31 In the present study, term colostrum was used instead of preterm colostrum, and this might be a limitation, although lactoferrin levels between preterm and term colostrum appear not to be clearly defined. When the present results are extrapolated to clinical practice, it is important to highlight
that, although HMF is currently used for preterm infants, in Brazil a large number of preterm infants receive HMF added to human milk from the Human Milk Bank, and in that case they usually receive term milk. learn more None of the previous studies evaluated bacterial growth with the addition of the HMF used in this study, which is the only fortifier available in Brazil (0.28 mg of iron in 1 g of fortifier). It is also important to consider that in the studies by Chan et al., different bacteria
strains were analyzed: E. coli, Staphylococcus, Enterobacter sakazakii, and group B Streptococcus.
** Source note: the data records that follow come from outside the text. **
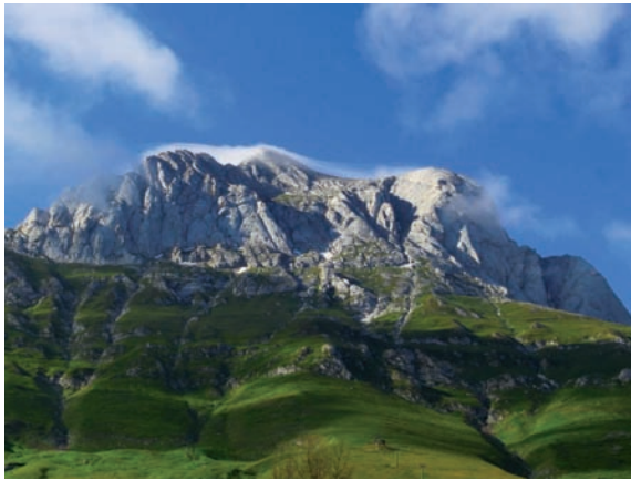
Fig. 9 Prati di Tivo, Pietracamela, Teramo.

“Tutto l’universo materiale è un linguaggio dell’amore di Dio, del suo affetto smisurato per noi. Suolo, acqua, montagne, tutto è carezza di Dio. La storia della propria amicizia con Dio si sviluppa sempre in uno spazio geografico che diventa un segno molto personale, e ognuno di noi conserva nella memoria luoghi il cui ricordo gli fa tanto bene” (n. 84).
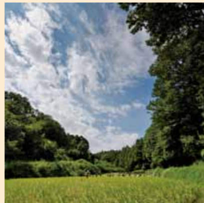
保全された水田(緑区)
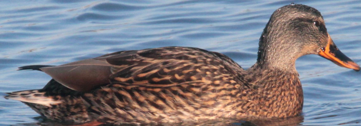
マガモ (真鴨) メス ガンカモ科 L=59cm
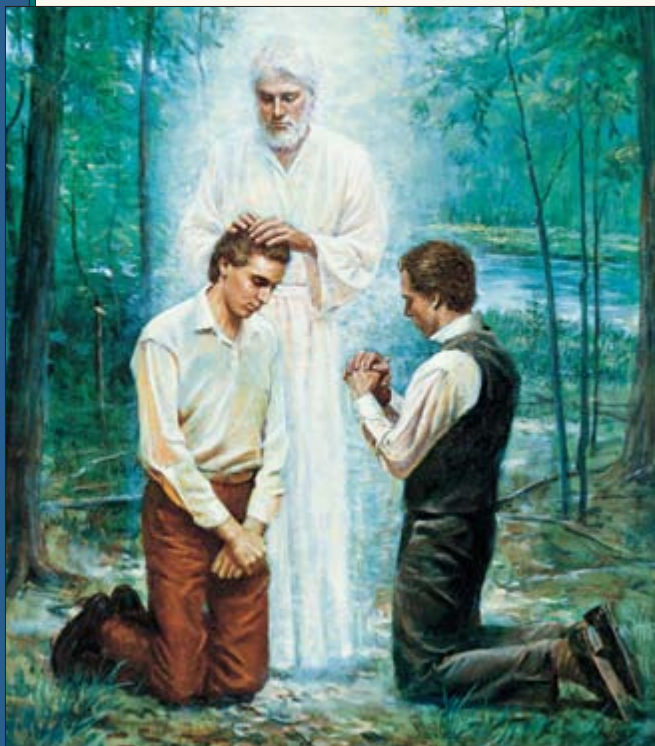
Den 15. maj 1829 modtog Joseph Smith og Oliver Cowdery Det Aronske Præstedømme ved håndspåleggelse af Johannes Døber.

V i var stadig beskæftiget med oversættelsesarbejdet, da vi en dag i den følgende
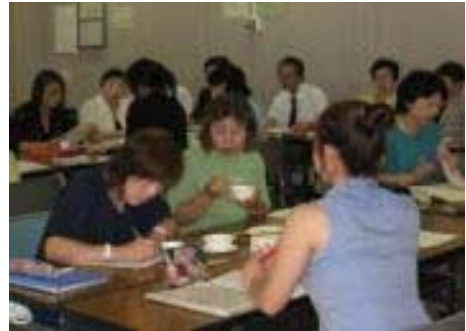
献立決定委員会の様子
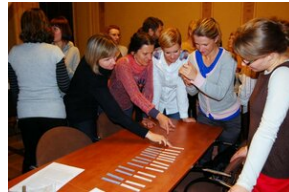
Egzaminy a metody.zip #31
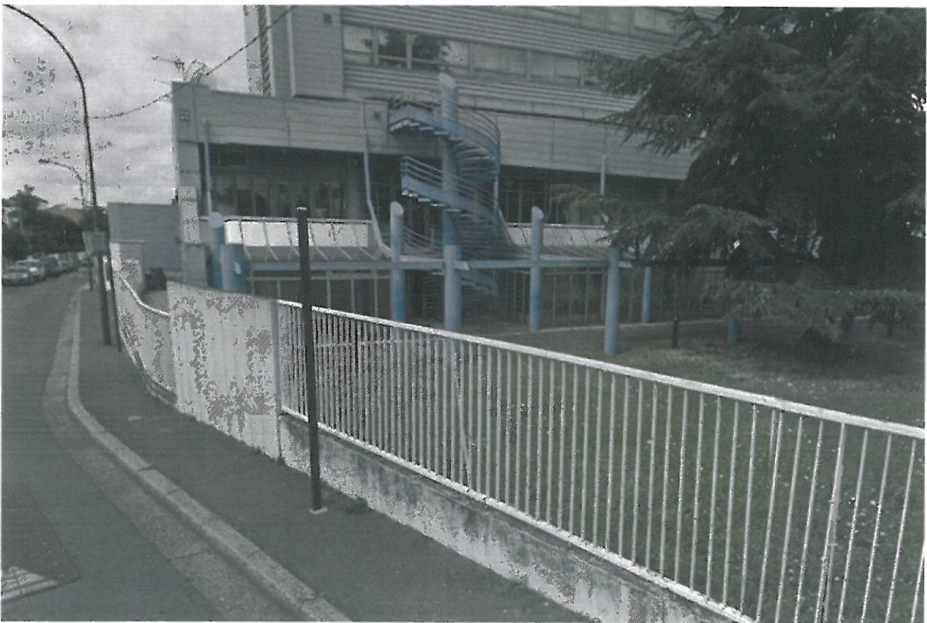
Vue de l'escalier depuis la rue du Prebuard

Le bâtiment I de l'établissement possède un escalier extérieur, issu de secours , accessible depuis la façade principale du bâtiment face à la rue Charles LECOQ, et qui permet un accès facile et rapide au premier étage du bâtiment, mais également à la toiture terrasse de ce dernier sans avoir à passer par l'accueil de l'établissement.
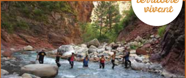
L'aqua randonnée

Cet espace protégé accueille le pastoralisme, la chasse ou encore la pêche. Concilier les différentes pratiques et gérer la fréquentation sont ainsi des priorités sur ce site où de nombreuses activités de pleine nature se rencontrent : randonnée pédestre, VTT, canyoning, rafting... Au sein de la Réserve, les acteurs du territoire travaillent ensemble pour maintenir cet équilibre fragile entre l'Homme et la Nature et sensibiliser à l'importance de préserver notre patrimoine naturel.
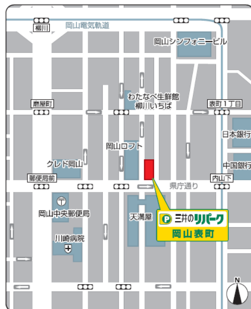
「三井のリパーク」岡山表町駐車場 地図

今後のスケジュール： 大阪、仙台(年内予定) プレゼントキャンペーン： 開始時期未定 ※HPにて順次公開予定 特設ページ URL： http://www.repark.jp/hellokitty/
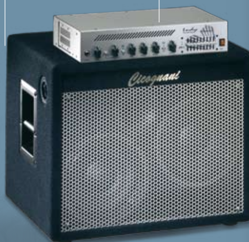
INDY BASS AMP 400H
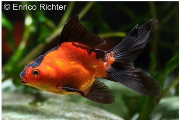
Schleierschwanz der Zuchtform „Ryukin rot-schwarz“
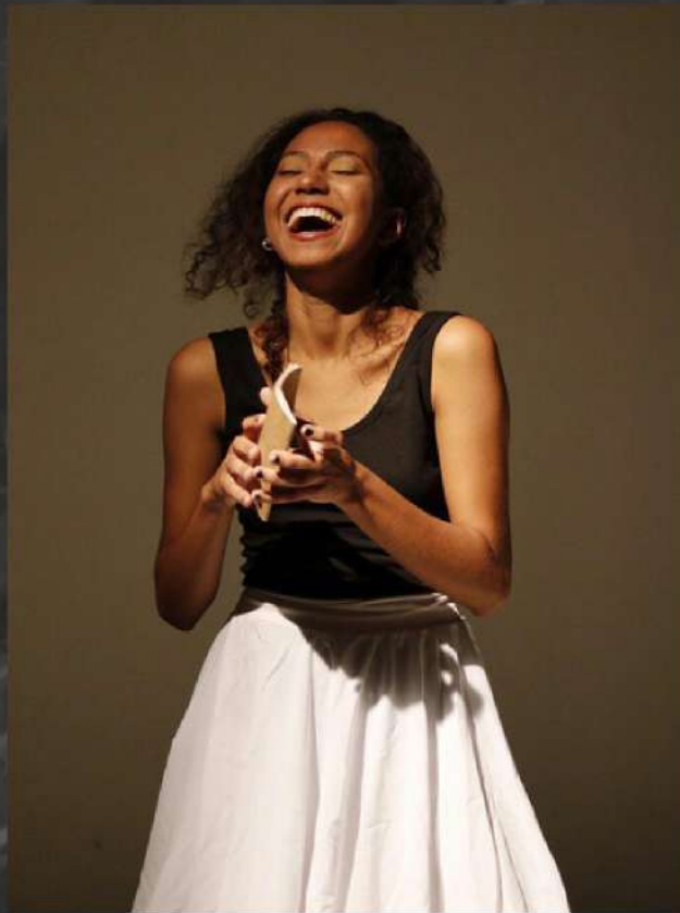
Ensaio Fotografia de Espetáculo. Espaço Rastilho. Teatro e dança.
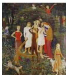
Д. Жилинский «Воскресный день»

In the present study, E. coli growth was higher in the samples with HMF, similarly to the studies by Chan et al. 7 and 8 The bacterial strains selected for this study are the most frequent reported by the Commission of Hospital Infection Control of the hospital where the study was performed. The correlation coefficients between C group samples Navitoclax chemical structure and HMF group samples were significant for all strains of bacteria, which Vildagliptin demonstrates that the bacterial growth was similar in all samples when the two groups were compared, indicating that bacterial growth followed the same pattern in both groups, regardless of the addition of HMF. The mechanism through which lactoferrin inhibits bacterial growth remains unclear. The bacteriostatic capacity of lactoferrin is often attributed to its ability to chelate iron, restricting this essential nutrient for pathogenic bacteria proliferation. However, it is important to highlight that studies have also shown that the bactericidal activity is not dependent on the degree of iron saturation of lactoferrin. Since lactoferrin has been shown to affect the
immune system and the mucosa immune function, the addition of iron may affect these actions. However, since the present study was in vitro, it was not possible to analyze those functions. 7, 11, 12, 13, 32 and 33 Care should be taken when extrapolating the present results to clinical practice. In vitro, it appears that the HMF currently available in Brazil may increase the risk for E. coli proliferation. However, in vivo studies are needed to test the clinical significance of these results. Contradictory results found in similar studies are probably due to different milk samples, which may vary depending on ethnic characteristics, infant age at the delivery time, milk maturity, time of sample collection, added iron amount, and strain of bacteria analyzed.